Anti-factor Xa and ATIII tests are often performed in central laboratories on largescale instrumentation, requiring sample transport and centrifugation of whole blood to generate plasma. This introduces a lag in follow-up; in some scenarios, results are not delivered for up to 2 hours. At this time, the heparin status is less accurately reflected by the results delivered to the physician. There is a critical need for anticoagulation tests to be performed near the patient utilizing a lower-volume blood sample. 

Near-Patient Testing for Monitoring Heparin Therapy

Digital microfluidics (DMF) technology is best suited to maximize diagnostic yield by rapidly performing different types of tests near-patient using low sample volume . Feasibility testing of a DMF afXa test with a ~ 50 µL whole blood input and ~14 minutes time-to-result was performed in collaboration with Children’s Hospital of Atlanta (For Research Use Only. Not for use in Diagnostic Procedures). Data obtained on the DMF platform correlated well with an FDA-approved comparator (poster presented at 2023 ADLM Annual meeting at Anaheim). Further testing of this assay across multiple sites is in progress.

 Fig. 2. Comparison of daily volume of blood taken in conventional testing and low sample volume testing, for combination of tests used in standard heparin therapy monitoring. 

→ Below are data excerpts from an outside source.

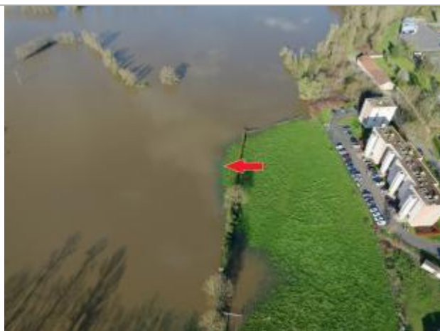
Photo prise pendant l'événement, le 02/04/2024, à 18h23.

Altitude calculée de l'eau (en m) : 227.2
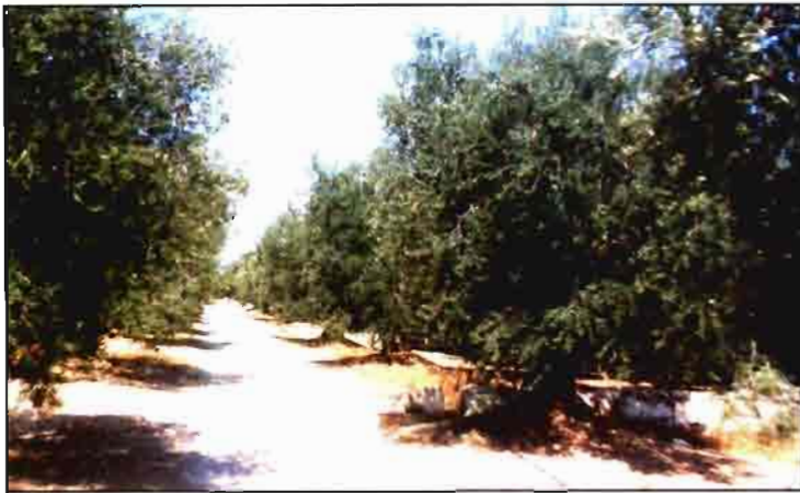
Tipica disposición de los olivos en el Camp de Tarragona: a lo largo de los caminos y alrededor de las parcelas.
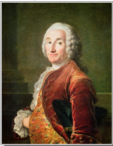
Louis-François-Armand de Vignerot du Plessis, duc de Richelieu, gouverneur de Guyenne
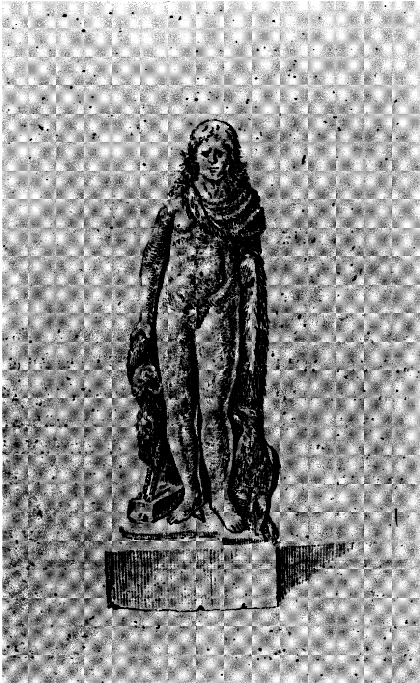
Lámina 1. Escultura de Adra según F. Pérez Bayer
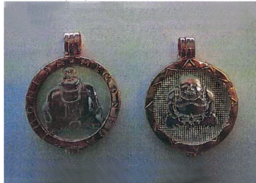
Buddha 1 (dik)
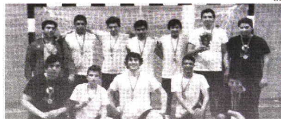
Equipa de andebol da AEDFR que competiu no Desporto Escolar
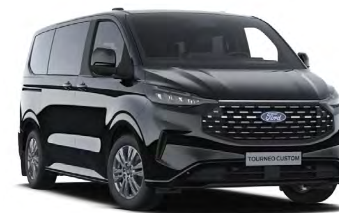
Agate Black Colore carrozzeria metallizzato*

A rapid afXa test that can be performed nearpatient and utilizes low blood volume would be a key benefit to neonatal and pediatric patients who are susceptible to anemia due to recurrent lab testing (Fig 2).  

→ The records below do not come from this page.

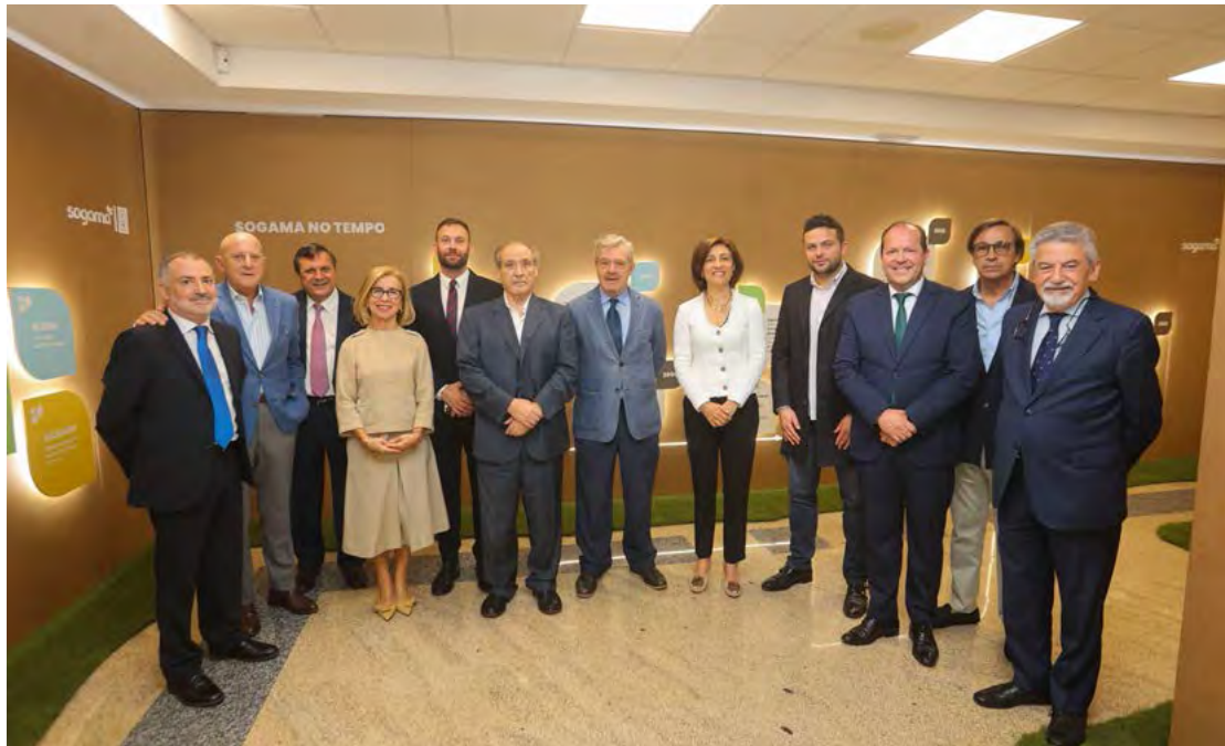
Visita de los invitados a la nueva exposición en el Complejo Medioambiental de Cerceda.

El pasado mes de junio, en el marco del Día Mundial del Medio Ambiente, Sogama conmemoró su 30 aniversario convocando a todos sus presidentes, entre los que, por supuesto, usted se encontraba. ¿Qué le reportó esta jornada?
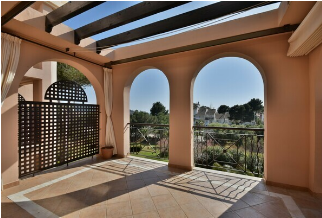
Mieten Mallorca Apartment
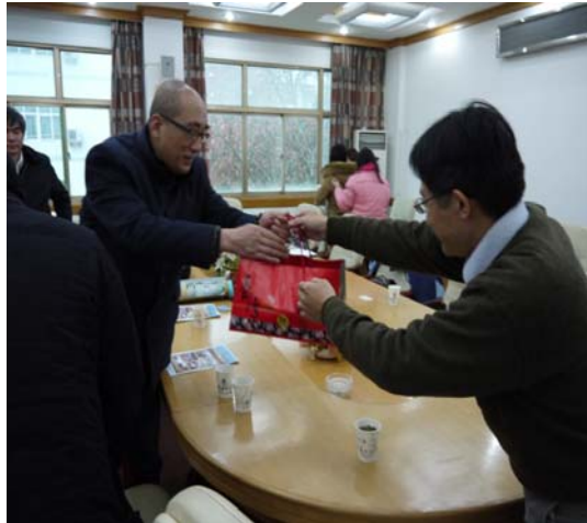
●代表我方致贈湖北大學
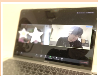
“ソーシャルスキル学習”の例 ～〇はどっち？～

使用するアプリは、Skype や Zoom などです。PC やタブレット、スマートフォンなどにご利用いただけます。設定の仕方についてもサポートさせていただきますので、安心してご利用ください。
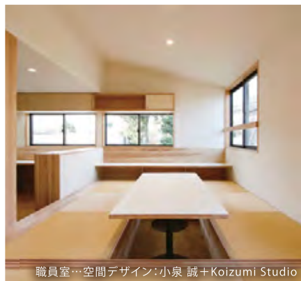
職員室…空間デザイン:小泉 誠+Koizumi Studio
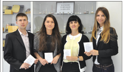
Від редакції. Зазначимо, що це не перший вияв безкорисливої допомоги колективу КНТЕУ патріотам, які важать життям заради життя держави та нації. Так, під час кривавих подій на киевському Майдані нінишньої зими для потреб потерпілих в міській лікарні передавалися необхідні ліки, постіль, кошати.
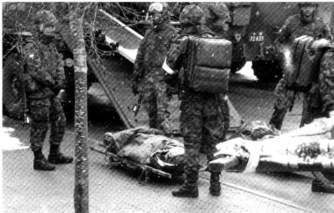
Un nouveau système de formation des troupes sanitaires, ainsi qu'un équipement moderne, sont en cours d'introduction dans les unités.
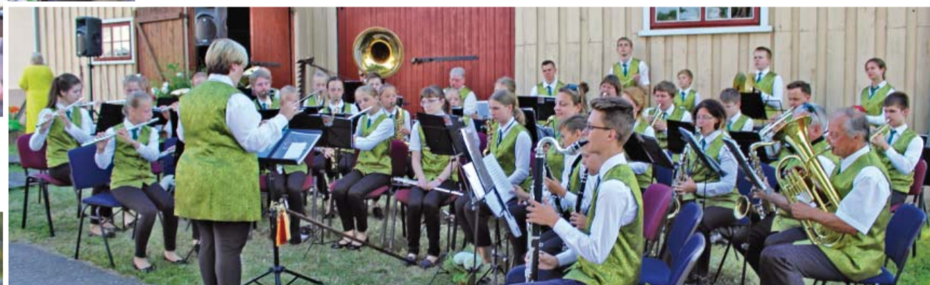
Tinūžos aizritēja pasākums „Sveika, Ikšķiles vasara!”.
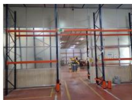
Referencia: TVE-058 ESTANTERIA METALICA Año: . Marca: .
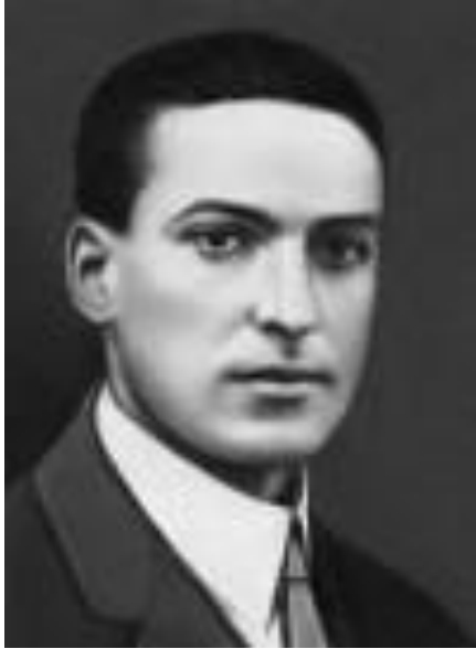
Л. С. Выготский
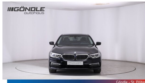
Göndle - St. Pölten
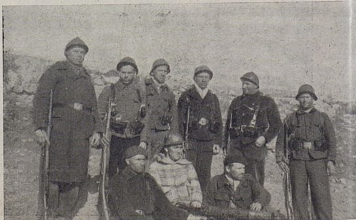
Nasze C. K. M.-y dzielnie się spisali w ostatnich walkach.

Republikanska flota wojenna bombardowała wczoraj Malagę, Mellilę i Motril, zadając nieprzyjacielowi poważne straty.
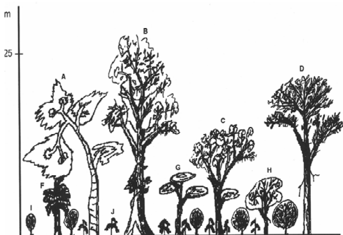
Figura 3. Estructura vertical de la vegetación del sistema agroforestal de lomerío en Cuichapa, Veracruz. A) Bursera sp.; B) Ficus sp.; C) Cedrela odorata ; D) Cordia alliodora ; F) Musa sp.; G) Zanthoxylum sp.; H) Sauravia sp.; I) Coffea arabica , y J) Chamaedorea sp.

la vegetación natural de montaña, las cuales son plantadas de manera sistemática. Aquí se obtiene entre 30 y 40% de la producción de follaje, aunque la hoja es de menor calidad por ser más pequeña, amarillenta y con mayor cantidad de daños que las hojas provenientes del monte, porque los cortes frecuentes no permiten la plena recuperación de la planta. En forma integrada se producen algunos cultivos agrícolas como maíz ( Zea mays L.), frijol ( Phaseolus vulgaris L.) y calabaza ( Cucurbita pepo L.).
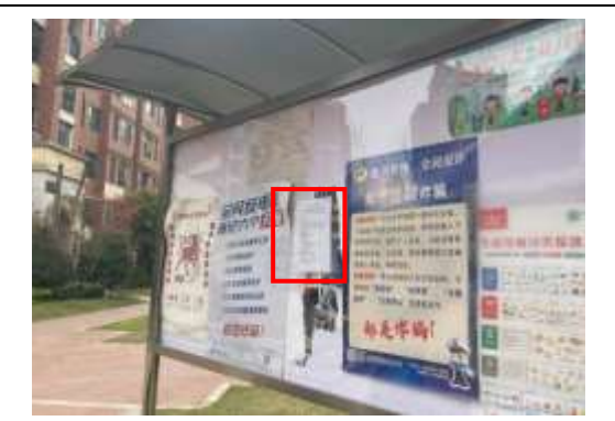
温莎名苑小区张贴公示

**Test is not available for sale or use in any territory at this time.

References

  1. https://www.cdc.gov/ncbddd/heartdefects/data.html
  2. Francis JL, Groce JB, 3rd and Heparin Consensus G. Challenges in variation and responsiveness of unfractionated heparin. Pharmacotherapy. 2004;24:108S-119S.
  3. Newall F, Barnes C, Ignjatovic V and Monagle P. Heparin-induced thrombocytopenia in children. J Paediatr Child Health. 2003;39:289-92.
  4. Raffini L, Huang YS, Witmer C and Feudtner C. Dramatic increase in venous thromboembolism in children’s hospitals in the United States from 2001 to 2007. Pediatrics. 2009;124:1001-8.
  5. Hirsh J, Anand SS, Halperin JL, Fuster V and American Heart A. AHA Scientific Statement: Guide to anticoagulant therapy: heparin: a statement for healthcare professionals from the American Heart Association. Arterioscler Thromb Vasc Biol. 2001;21:E9-9.
  6. Andrew M, Vegh P, Johnston M, Bowker J, Ofosu F and Mitchell L. Maturation of the hemostatic system during childhood. Blood. 1992;80:1998-2005.
  7. McCrindle BW, Li JS, Manlhiot C, Tweddell JS, Giglia TM, Massicotte MP, Monagle P, Krishnamurthy R, Mahaffey KW, Michelson AD, Verdun N, Almond CS, Newburger JW, Brandao LR, Esmon CT, Manco-Johnson MJ, Ichord R, Ortel TL, Chan AK, Portman R, Rose M, Strony J and Kaltman JR. Challenges and priorities for research: a report from the National Heart, Lung, and Blood Institute (NHLBI)/National Institutes of Health (NIH) Working Group on thrombosis in pediatric cardiology and congenital heart disease. Circulation. 2014;130:1192-203.
  8. Counsilman, Clare E., et al. “Iatrogenic blood loss in extreme preterm infants due to frequent laboratory tests and procedures.” The Journal of Maternal-Fetal & Neonatal Medicine 34.16 (2021): 2660-2665.